- [Assigned task]: Give the data again in full. Keep every line the same.

※ ※ ※

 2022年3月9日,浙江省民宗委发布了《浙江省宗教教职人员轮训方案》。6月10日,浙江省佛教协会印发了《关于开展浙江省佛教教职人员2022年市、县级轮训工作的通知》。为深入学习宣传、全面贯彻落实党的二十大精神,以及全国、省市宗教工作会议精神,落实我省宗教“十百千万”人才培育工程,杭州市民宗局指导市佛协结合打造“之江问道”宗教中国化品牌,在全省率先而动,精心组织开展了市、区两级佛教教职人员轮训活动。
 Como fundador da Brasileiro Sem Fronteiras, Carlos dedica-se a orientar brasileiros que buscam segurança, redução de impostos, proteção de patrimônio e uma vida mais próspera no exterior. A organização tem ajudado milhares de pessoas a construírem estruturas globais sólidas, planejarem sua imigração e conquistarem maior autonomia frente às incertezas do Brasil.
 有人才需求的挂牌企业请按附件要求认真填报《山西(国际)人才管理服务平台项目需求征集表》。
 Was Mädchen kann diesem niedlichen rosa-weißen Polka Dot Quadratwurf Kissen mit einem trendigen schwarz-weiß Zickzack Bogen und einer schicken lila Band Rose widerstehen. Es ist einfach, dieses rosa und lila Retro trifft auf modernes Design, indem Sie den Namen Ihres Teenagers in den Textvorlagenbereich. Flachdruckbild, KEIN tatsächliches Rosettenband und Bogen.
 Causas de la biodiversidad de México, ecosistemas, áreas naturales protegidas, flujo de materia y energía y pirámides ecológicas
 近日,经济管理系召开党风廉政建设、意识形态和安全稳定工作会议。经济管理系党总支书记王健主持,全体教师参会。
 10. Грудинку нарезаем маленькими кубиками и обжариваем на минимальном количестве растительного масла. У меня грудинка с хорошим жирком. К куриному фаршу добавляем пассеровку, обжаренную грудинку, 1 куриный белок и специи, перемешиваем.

※ ※ ※

- [Response area]:
 2022年3月9日,浙江省民宗委发布了《浙江省宗教教职人员轮训方案》。6月10日,浙江省佛教协会印发了《关于开展浙江省佛教教职人员2022年市、县级轮训工作的通知》。为深入学习宣传、全面贯彻落实党的二十大精神,以及全国、省市宗教工作会议精神,落实我省宗教“十百千万”人才培育工程,杭州市民宗局指导市佛协结合打造“之江问道”宗教中国化品牌,在全省率先而动,精心组织开展了市、区两级佛教教职人员轮训活动。
 Como fundador da Brasileiro Sem Fronteiras, Carlos dedica-se a orientar brasileiros que buscam segurança, redução de impostos, proteção de patrimônio e uma vida mais próspera no exterior. A organização tem ajudado milhares de pessoas a construírem estruturas globais sólidas, planejarem sua imigração e conquistarem maior autonomia frente às incertezas do Brasil.
 有人才需求的挂牌企业请按附件要求认真填报《山西(国际)人才管理服务平台项目需求征集表》。
 Was Mädchen kann diesem niedlichen rosa-weißen Polka Dot Quadratwurf Kissen mit einem trendigen schwarz-weiß Zickzack Bogen und einer schicken lila Band Rose widerstehen. Es ist einfach, dieses rosa und lila Retro trifft auf modernes Design, indem Sie den Namen Ihres Teenagers in den Textvorlagenbereich. Flachdruckbild, KEIN tatsächliches Rosettenband und Bogen.
 Causas de la biodiversidad de México, ecosistemas, áreas naturales protegidas, flujo de materia y energía y pirámides ecológicas
 近日,经济管理系召开党风廉政建设、意识形态和安全稳定工作会议。经济管理系党总支书记王健主持,全体教师参会。
 10. Грудинку нарезаем маленькими кубиками и обжариваем на минимальном количестве растительного масла. У меня грудинка с хорошим жирком. К куриному фаршу добавляем пассеровку, обжаренную грудинку, 1 куриный белок и специи, перемешиваем.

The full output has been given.